The Keystone XL Pipeline would carry oil from Alberta’s oilsands to Nebraska, but Porter said its future is largely dependent on what happens in the U.S., where Democrats in the House of Representatives have called for a review of the federal agency that would regulate it in the wake of an oil spill in North Dakota.

Meanwhile, the Crown-owned Trans Mountain pipeline would twin an existing line that carries oil from Alberta to the coast, and is under construction.

“Other than making sure it moves forward, I’m not sure what can be done quickly on that front,” said Porter.

The process of building not just pipelines, but most infrastructure in Canada has become highly politicized, he noted.

Chris Bloomer, president of the Canadian Energy Pipeline Association, said O’Regan has to be an advocate for the domestic energy industry within the cabinet and make clear that the oil and gas sector is facing a crisis.

“One of the biggest stumbling blocks is how do we move forward and change the narrative around this industry,” said Bloomer.

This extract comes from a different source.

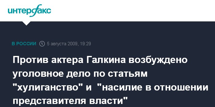 По его словам, 5 августа текущего года завершены проверочные мероприятия и возбуждено уголовное дело в отношении актера Владислава Галкина по факту совершения преступлений, предусмотренных ч. 1 ст. 213 (хулиганство с применением предметов, используемых в качестве оружия) и ч. 1 ст. 318 (применение насилия в отношении представителя власти) УК РФ.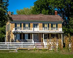 The Mahaffie Stagecoach Stop and Farm Historic Site, locally known as the Mahaffie Farm, is located in Olathe, Kansas. The house was originally a stop along the Westport Route of the Santa Fe, Oregon, and California Trails, which originated in nearby Westport, Missouri. The house's heyday came with large numbers of westbound travelers of the 1860s.

He added while oil prices need to rise, and the pipelines need to be built for the industry to recover, it also needs to be able to attract investment.

Making sure the industry is treated as a long term part of the economy will be a crucial part of the role, said Bloomber.

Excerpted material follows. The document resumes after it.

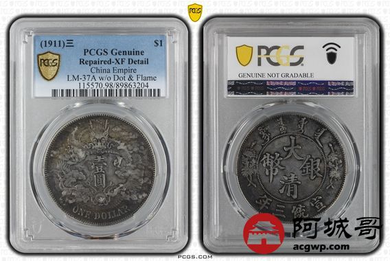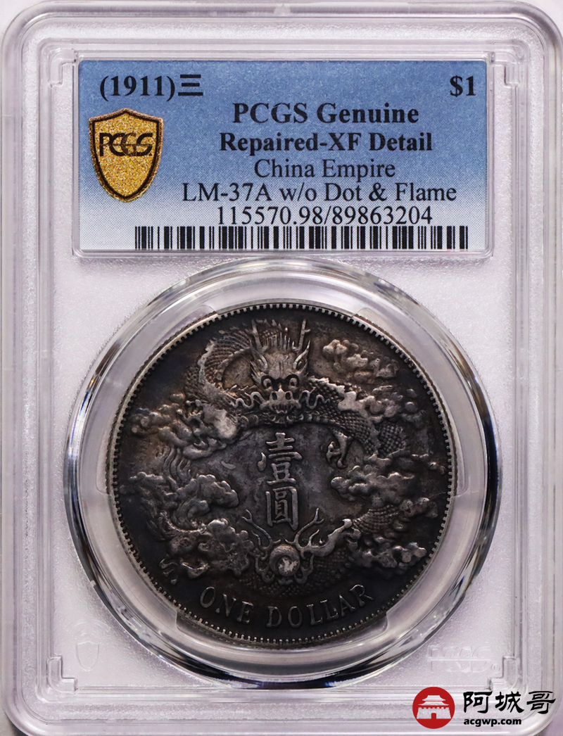 Lot:5 原味 黑包浆 大清宣三壹圆 PCGS XF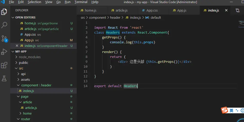 export default App;以上我在header这个组件中 输出props 运行项目,你会发现控制输出的props是空的。

O’Regan, a former on-air personality and close confidante to Trudeau, may be able to help communicate messages to the western region where dissatisfaction with the federal government runs strong amid a flailing economy.

His own province does have a sizeable resources sector.

Pierre Gratton, president of the Mining Association of Canada, said that Newfoundland and Labrador have gained importance as a mining jurisdiction during the past decade. Vale operates a giant nickel mine, Voisey’s Bay, Rio Tinto operates an iron ore mine, and there are other large operations as well.

“He’s a good choice for us and we look forward to working with him,” Gratton said via email.

Of course, few issues are quite as politicized as resource development in a world where climate change has increased scrutiny on global emissions and pollution is taken more seriously; and O’Regan is likely to hear from environmental groups that want him to proceed cautiously.

Jamie Kneen, communications and outreach coordinator for MiningWatch Canada, said it was an interesting choice.

“I’d hope that he’ll take the opportunity to ask questions rather than just take the lead of departmental officials and industry lobby groups,” said Kneen via email.